Service accounts
Prelude
A Service account is a special type of API key intended to represent a non-human user that needs to authenticate and be authorized for scenarios such as secrets scanning in CI pipelines or batch processing open incidents.
Please note that service accounts are only available for workspaces under our Business plan.
Creating a service account
Only workspace Managers are allowed to manage service accounts.
- Go to the Service accounts page in the API section of your workspace. Click on
Create service account. - Name your service account according to its use-case (for example
<Service Name>-<Environment>) - Set an expiry date for your token (in 1 week, 1 month, 3 months, 6 months, 1 year, or never). If an expiry date is set, all the Managers of the workspace will receive an email notification 5 days before expiration.
- Choose one or several scopes for your service account.
- Click on
Create service account
Make sure you copy the service account, it will no longer be visible to you in the future.

The service accounts of your workspace are visible and can be managed here by workspace Managers of workspaces under our Business plan.
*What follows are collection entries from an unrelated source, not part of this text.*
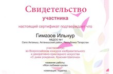 Җир шарында "Кызыл Калфак" әкиятен белмәгән кеше юктыр ул. Ә менә шушы көннәрдә әкият кызының туган көне икәнен күпләр белмидер әле. Ә безнең бакча балалары беләләр. Алар Кызыл Калфакны котлап оештырылган интернет-конкурста катнаштылар. Шарипов Раяз (тәрбиячесе Саетова Н.Н.), Сабирова Айзирәк (Исламова З.З.), Набиев Исламның (Газизова Э.Д.) рәсемнәрен, Гимазов Илнурның (Харисова Л.М,) әнисе белән берлектә эшләгән Кызыл Калфак курчагын жюри уңышлы дип табып сертификат белән бүләкләде. Бакчабыз балаларын зур уңышлары белән, ә инде Кызыл Калфакны туган көне белән чын күңелдән котлыйбыз!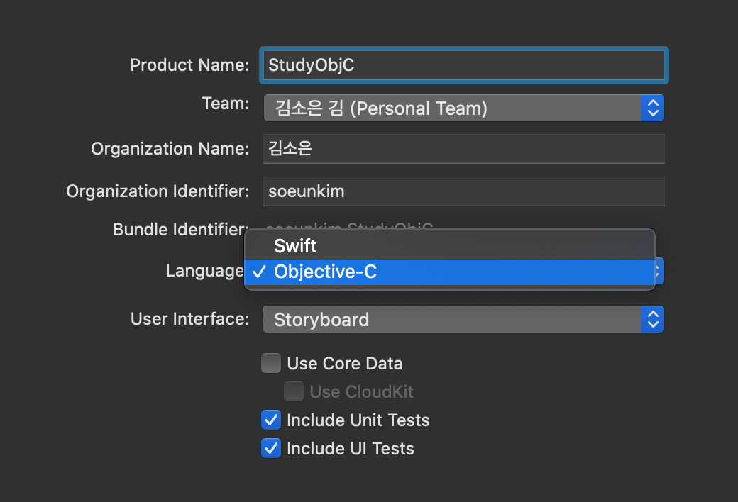 언어 선택을 Swift가 아닌 Objective-C로 해주셔야 함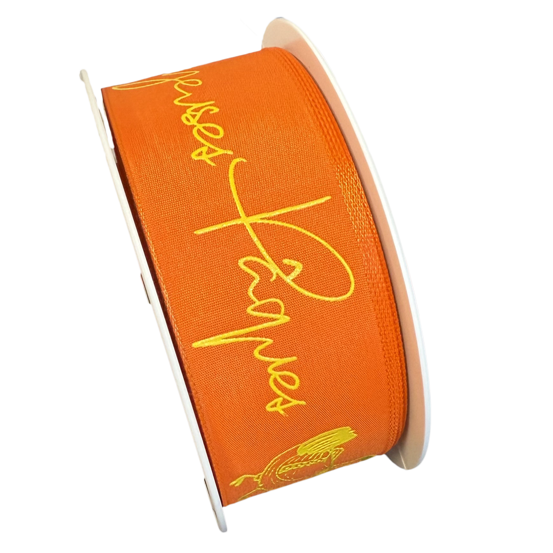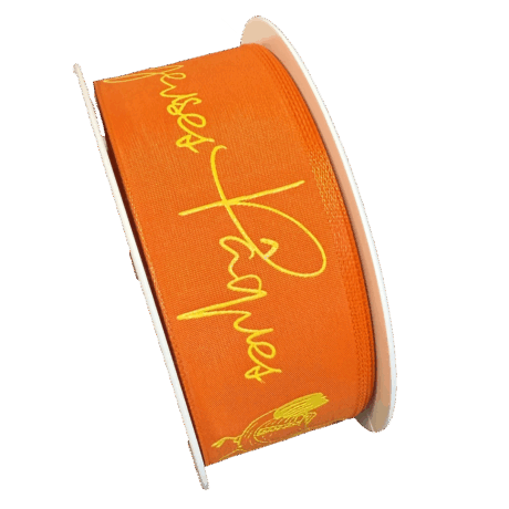 Wired taffeta ribbon, orange and yellow, with a hen and “Joyeuses Pâques” lettering. 40mm x 25m / 1.6in x 27yds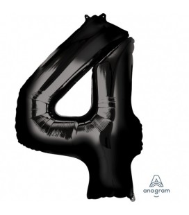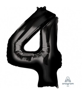 Black "Super Shape" metallic Mylar balloon that will decorate and indicate with style the number 4!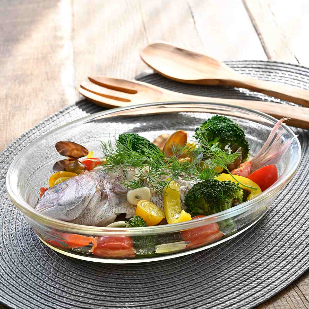 100年続いた耐熱ガラスの技術「HARIO Glass」を用いたオーバル皿です。1.1Lと大容量で、魚丸ごと1匹を使ったアクアパッツァやグラタンなど、大皿感覚でご使用いただけます。調理や温めなおしが終わったら、できたてをすぐに食卓へ運べます。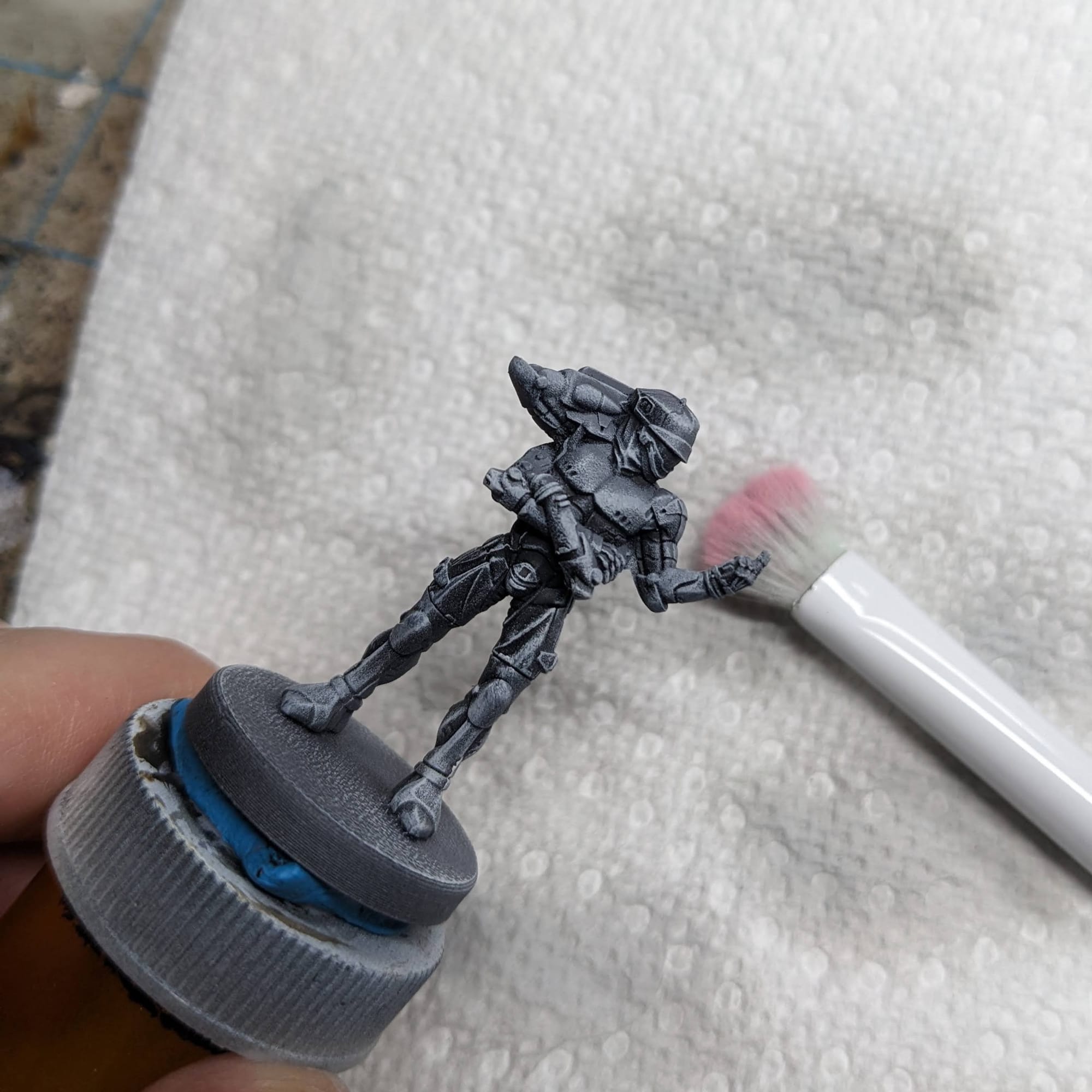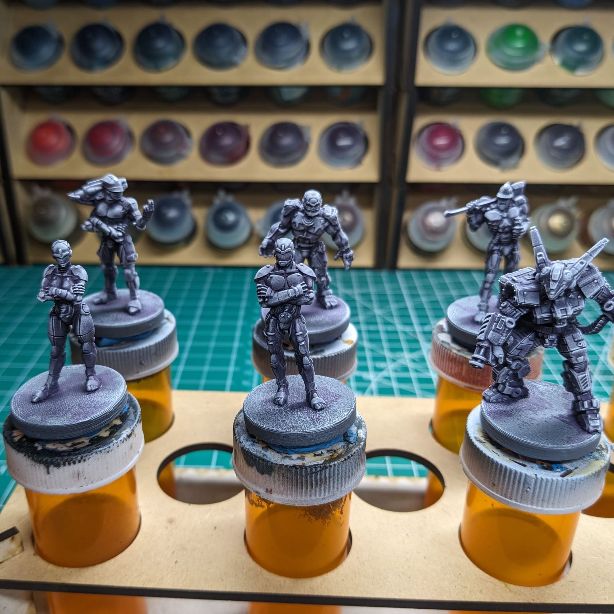 After I finish priming models, I affix them to some large medicine tubes with some double-sided tape or poster tack. There are official miniature holders and handles out there, but I just use these since they’re cheap, and sometimes I need multiple holders for batch painting. Paint holders allow me to easily handle the models so I can turn the models freely to get a good angle to paint certain parts or areas, as well as prevent hand cramping.
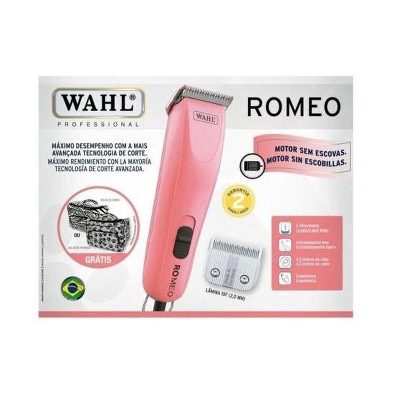 Wahl Máquina De Tosa RomeoA Máquina de Tosa Animal Wahl Romeo é a escolha perfeita para você que busca qualidade e desempenho profissional para cuidar do seu pet. Projetada com atenção aos detalhes, a Romeo combina materiais duráveis com um motor potente e silencioso, proporcionando uma experiência suave e confortável para seu animal. Ao longo de mais de 100 anos, a Wahl se consolidou como líder no mercado, oferecendo a melhor tecnologia e inovação para atender as necessidades dos seus clientes.Com duas velocidades ajustáveis (3000 e 3600 rpm), a Wahl Romeo permite que você personalize a tosa de acordo com o tipo de pelo do seu animal. Sua lâmina #10F, fabricada na Alemanha garantindo precisão e uniformidade, proporciona um corte profissional, sem puxões ou irritações. A leveza e ergonomia da máquina, com apenas 340 gramas, facilitam o manejo e reduzem o cansaço durante o processo de tosa. O cabo de 4,2 metros garante liberdade de movimento e a bivolt garante compatibilidade com qualquer tomada.Escolha a Wahl Romeo e dê a seu pet o cuidado que ele merece!A Máquina de Tosa Animal Wahl Romeo é a escolha perfeita para você que busca qualidade e desempenho profissional para cuidar do seu pet. Projetada com atenção aos detalhes, a Romeo combina materiais duráveis com um motor potente e silencioso, proporcionando uma experiência suave e confortável para seu animal. Ao longo de mais de 100 anos, a Wahl se consolidou como líder no mercado, oferecendo a melhor tecnologia e inovação para atender as necessidades dos seus clientes.Com duas velocidades ajustáveis (3000 e 3600 rpm), a Wahl Romeo permite que você personalize a tosa de acordo com o tipo de pelo do seu animal. Sua lâmina #10F, fabricada na Alemanha garantindo precisão e uniformidade, proporciona um corte profissional, sem puxões ou irritações. A leveza e ergonomia da máquina, com apenas 340 gramas, facilitam o manejo e reduzem o cansaço durante o processo de tosa. O cabo de 4,2 metros garante liberdade de movimento e a bivolt garante compatibilidade com qualquer tomada.Escolha a Wahl Romeo e dê a seu pet o cuidado que ele merece!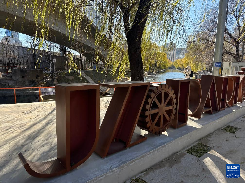 12月2日,在北京市西直门转河边,一名身穿冬服的游客在拍照。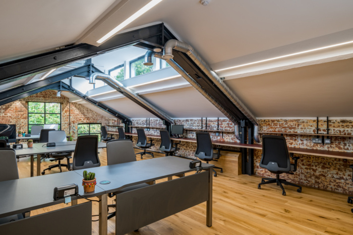 位于原始倾斜屋顶下方的第一层空间被设计为一个更安静的空间,配有固定和分配的办公桌。地板采用木材制成,后窗采用黑色框架和临界风格,与底层的窗户和分隔墙相匹配,侧壁和大部分前后墙都是喷砂砖,再次庆祝原始建筑结构。#写字楼办公空间设计装修#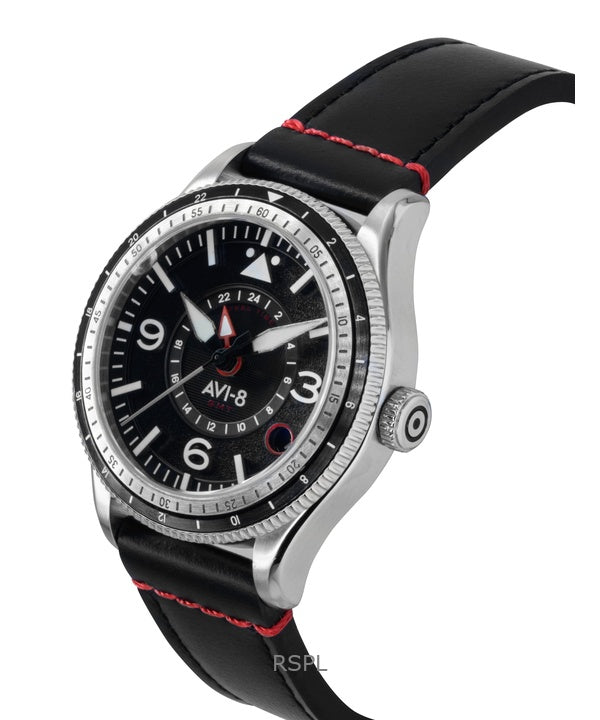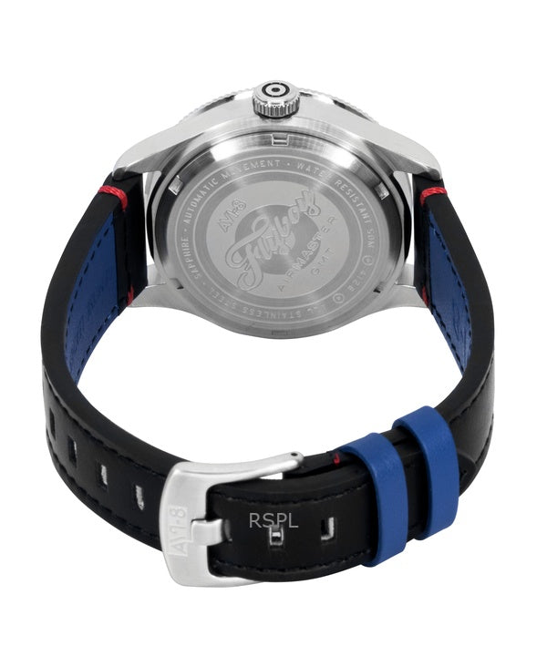 AVI-8 Flyboy Airmaster GMT Leather Strap Engine Black Dial Automatic AV-4128-01 Men's Watch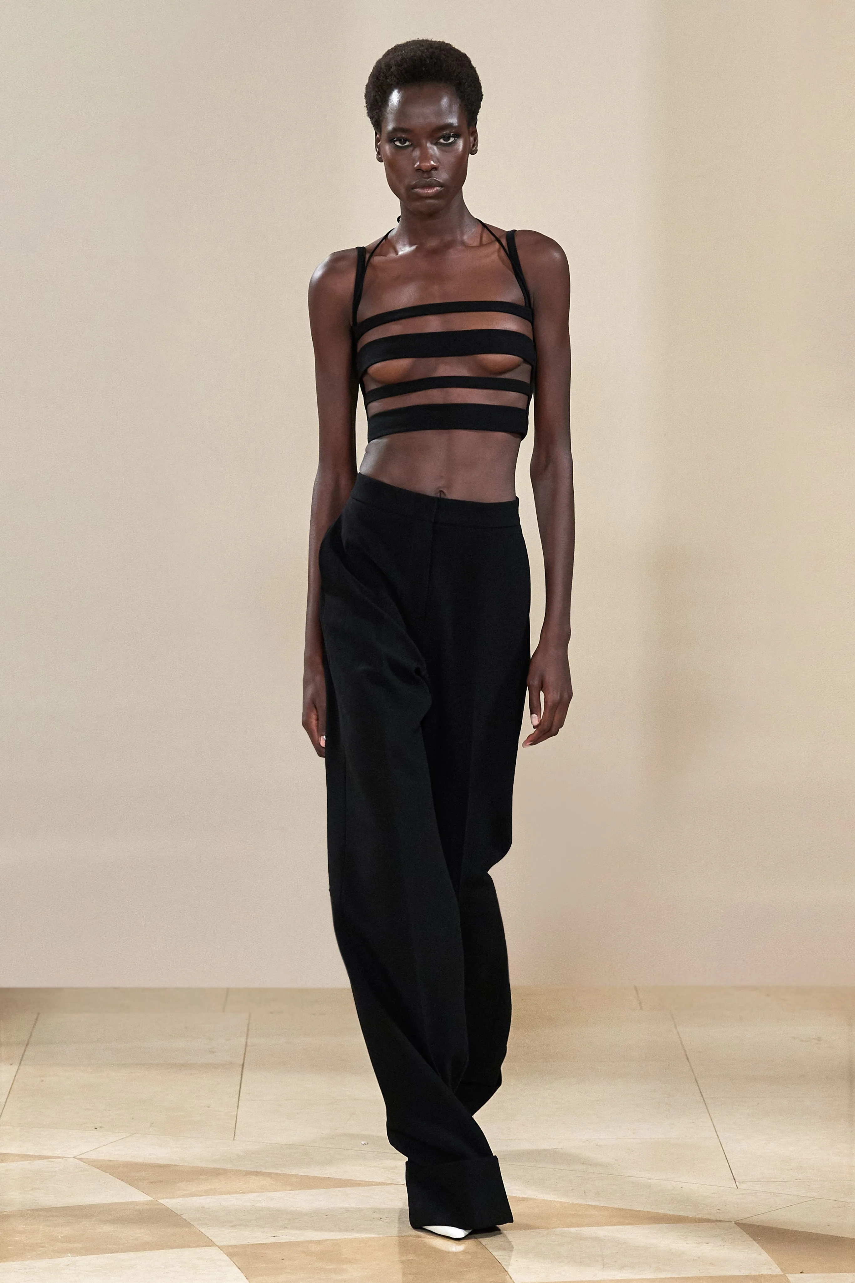 "Elégante asymétrie" tels sont les maîtres-mots pour décrire la collection Mônot printemps-été 2022 présentée au Ritz par son designer Eli Mizrahi. Des lignes géométriques maîtrisées et une architecture du vêtement très structurée, oscillant entre opulence et minimalisme, subliment les courbes naturelles des silhouettes. Les pièces laissent entrevoir la peau des mannequins qui fait partie intégrante des looks. Nul doute que ces sublimes et modernes robes de soirée ne traduisent l'esprit sexy et libéré de l'époque.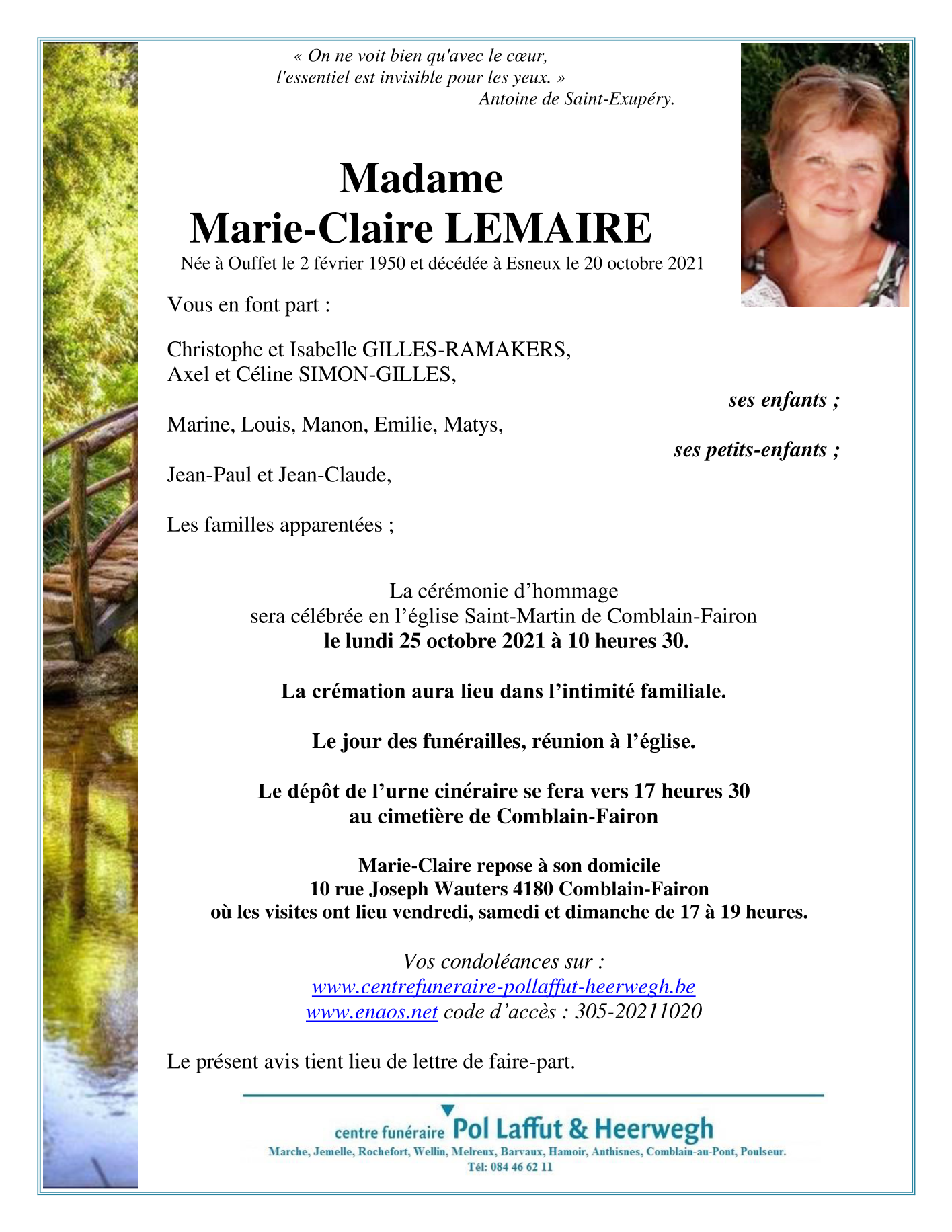 Died in Esneux (4130) on 20 October 2021 at the age of 71 years

Revoking a service account
A service account token can be revoked from the Service accounts page by a workspace Manager, or through the Public API by another token holding the api_tokens:write scope.
A service account token cannot revoke itself. Since a service account token can be shared across several deployments, letting it self-revoke would break every deployment using it. Attempting to do so (for example via ggshield auth logout) is refused with a 403 error.